ECLI:NL:GHSGR:2010:BN2570

Gerechtshof 's-Gravenhage

Datum uitspraak
28 juni 2010
Publicatiedatum
5 april 2013
Zaaknummer
22-006107-09
Instantie
Gerechtshof 's-Gravenhage
Type
Uitspraak
Rechtsgebied
Strafrecht
Procedures
  • Hoger beroep
Rechters
Vindplaatsen
  • Rechtspraak.nl
AI samenvatting door LexboostAutomatisch gegenereerd

Niet-ontvankelijkheid in hoger beroep wegens termijnoverschrijding in hennepkwekerijzaak

In deze zaak heeft het Gerechtshof 's-Gravenhage op 28 juni 2010 uitspraak gedaan in hoger beroep tegen een vonnis van de politierechter in de rechtbank Middelburg, gewezen op 13 januari 2009. De verdachte, geboren in Bulgarije, werd op 13 november 2008 op heterdaad aangehouden in een hennepkwekerij. Na de aanhouding werd zij naar het politiebureau gebracht, waar zij met behulp van een tolk in de Bulgaarse taal werd verhoord. Tijdens dit verhoor ontving de verdachte een dagvaarding voor de terechtzitting van 13 januari 2009.
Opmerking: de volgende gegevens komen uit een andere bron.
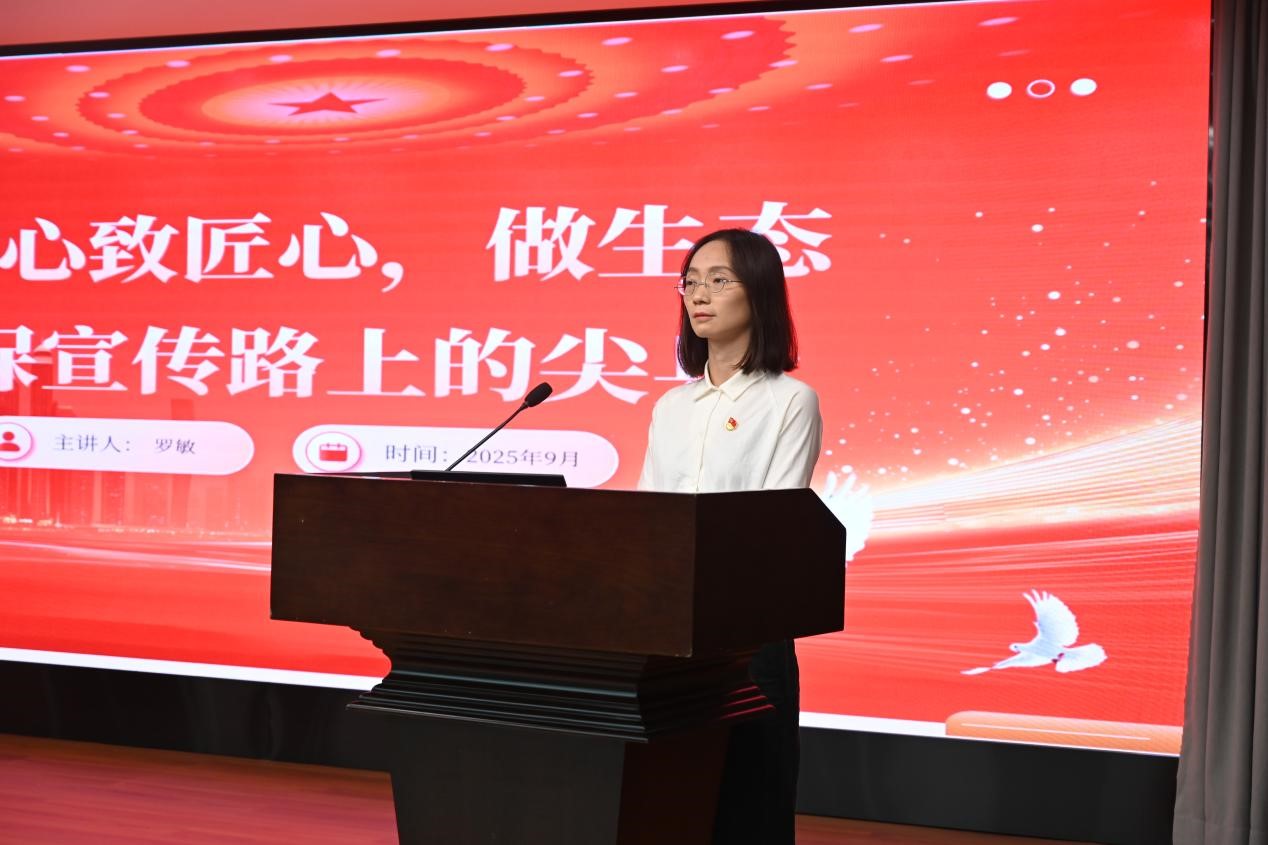 宣講會(huì)上,獲得2024年度中央和國(guó)家機(jī)關(guān)“四好”黨員榮譽(yù)稱號(hào)的羅敏同志以《以初心致匠心,做生態(tài)環(huán)保宣傳路上的尖兵》為題,講述在編輯崗位上深耕細(xì)作、遇到困難時(shí)迎難而上,不斷踐行初心使命、勇于擔(dān)當(dāng)作為的奮斗故事。
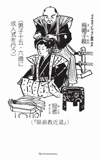 В японском восприятии младенцу требовалось некоторое время, для того чтобы превратиться в «настоящего» человека. В течение нескольких дней после рождения младенца не одевали в предназначенную для него одежду, а кутали в материнскую или отцовскую набедренную повязку или в некое подобие пеленки. Лишь после наречения имени младенца (на седьмой день после рождения) и посещения синтоистского святилища (на тридцатый день), когда ребенка предъявляли богам (часто для лучшей коммуникации с ними его вынуждали там плакать), он получал «человеческий» статус и имел право на личную одежду, которая маркировала его пол (темная или черная — для мальчиков, красная — для девочек). Затем младенца регистрировали в буддийском храме и вносили в подворные списки. Теперь он получал право на жизнь и становился «настоящим» человеком. До этого времени его право на жизнь было ограниченным — в крестьянской среде инфантицид был достаточно распространенным явлением. Перед тем как стать взрослым, ребенок проходил несколько возрастных этапов. До семи лет он вел вполне привольный образ жизни, предаваясь играм. На его поведение накладывалось крайне мало ограничений. После достижения семилетнего возраста начиналась подготовка к взрослой жизни. Среди самурайства и горожан главная цель такой подготовки заключалась в обучении церемониальности (яп. рэй), с помощью которой поддерживалась строгая социальная иерархия. Церемониальные нормы предписывали человеку «правильное» телесное и речевое поведение во взрослом обществе. Эти регламентации охватывали все стороны публичного поведения. Учебники по церемониальному поведению также подчеркивали необходимость изучения чайной церемонии — потому что все движения во время ее проведения отличаются крайней формализованностью[2]. Воспитатель должен был научить ребенка его месту в социуме, где есть отец и мать, старшие братья, сестры, дядья и тетки, старшие по возрасту, которым надлежит беспрекословно повиноваться и служить. Эти церемониально–этикетные нормы были направлены на избегание непредсказуемого поведения, закрепляли социальную иерархию («знание различий между высоким и низким и есть ритуал [церемониальность]»[3]), формулировали нормы общения и таким образом препятствовали генерированию непредсказуемых событий, то есть выступали в качестве своеобразного «замедлителя» истории. В это время поведенческий канон подростка был зафиксирован в тексте под названием «24 примера сыновней почтительности». Примеры были взяты из китайской жизни, но в то время это только добавляло им авторитетности. В частности, там повествовалось о мальчике У Мэне. Поскольку комары нещадно жалили его нищих родителей (у них в доме не было даже занавесок), он на ночь набрасывал свою одежонку на них, а сам подставлял голое тело кровососам, отвлекая их внимание от отца с матерью[4]. В другой истории фигурировал мальчик Ван Сянь. Его злой мачехе в лютую зиму захотелось отведать свеженькой рыбки. Подойдя к реке, он разделся, растопил жаром своего тела лед — из полыньи выпрыгнули две рыбины, которыми он и накормил мачеху. Переход подростка во взрослое состояние происходил в возрасте 13–15 лет. Он маркировался церемонией гэмпуку, которая происходила в синтоистском святилище. Во время этой церемонии подросток получал взрослую одежду (она 
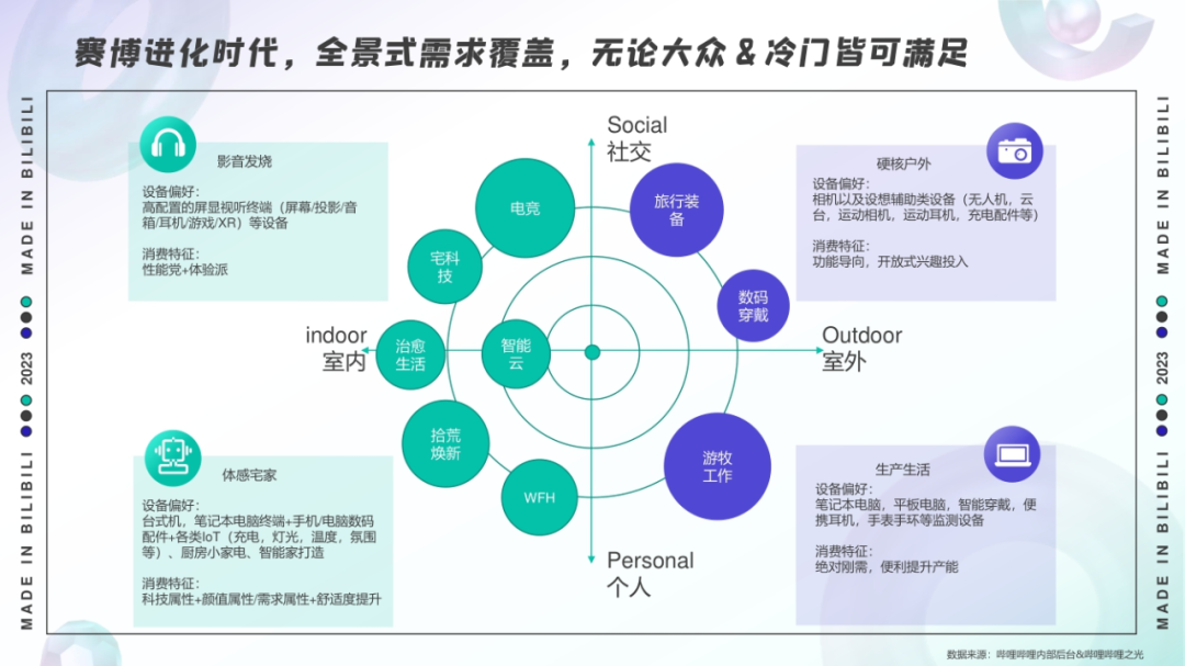 而在3C品类关注范围上,B站用户的兴趣也非常广泛。显卡、耳机、键盘、鼠标、显示器……无论是个人还是社交、室内还是室外、热门or冷门,B站均能找到对应内容、对应人群与之匹配。
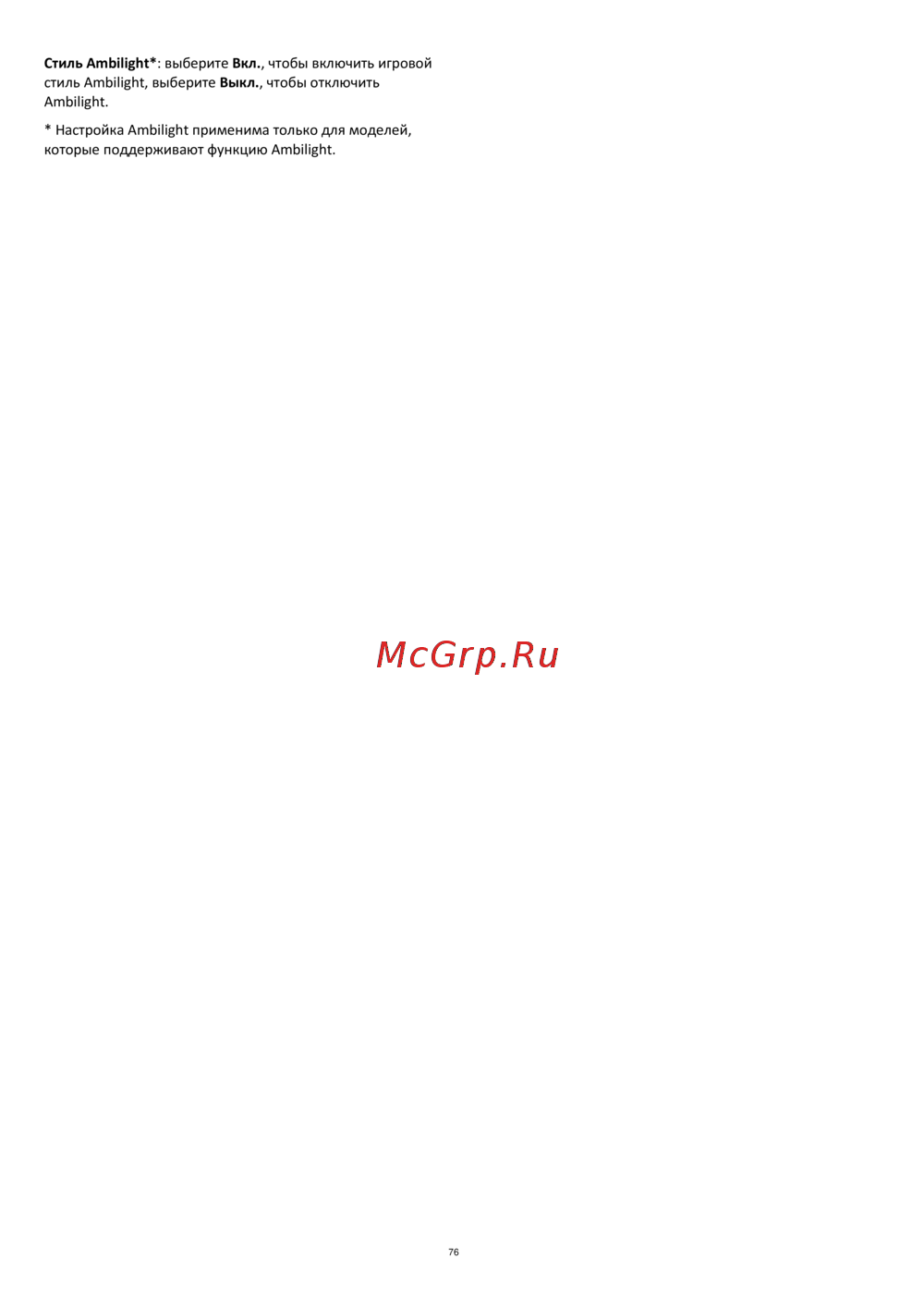 * Настройка Ambilight применима только для моделей,

Het hof heeft vastgesteld dat de verdachte redelijkerwijs op de hoogte moest zijn van de zittingsdatum en het tenlastegelegde feit. De verdachte heeft echter pas op 20 november 2009 hoger beroep ingesteld, wat meer dan veertien dagen na het vonnis van de politierechter was. Het hof oordeelde dat er geen sprake was van een verontschuldigbare termijnoverschrijding, waardoor de verdachte niet-ontvankelijk werd verklaard in het hoger beroep.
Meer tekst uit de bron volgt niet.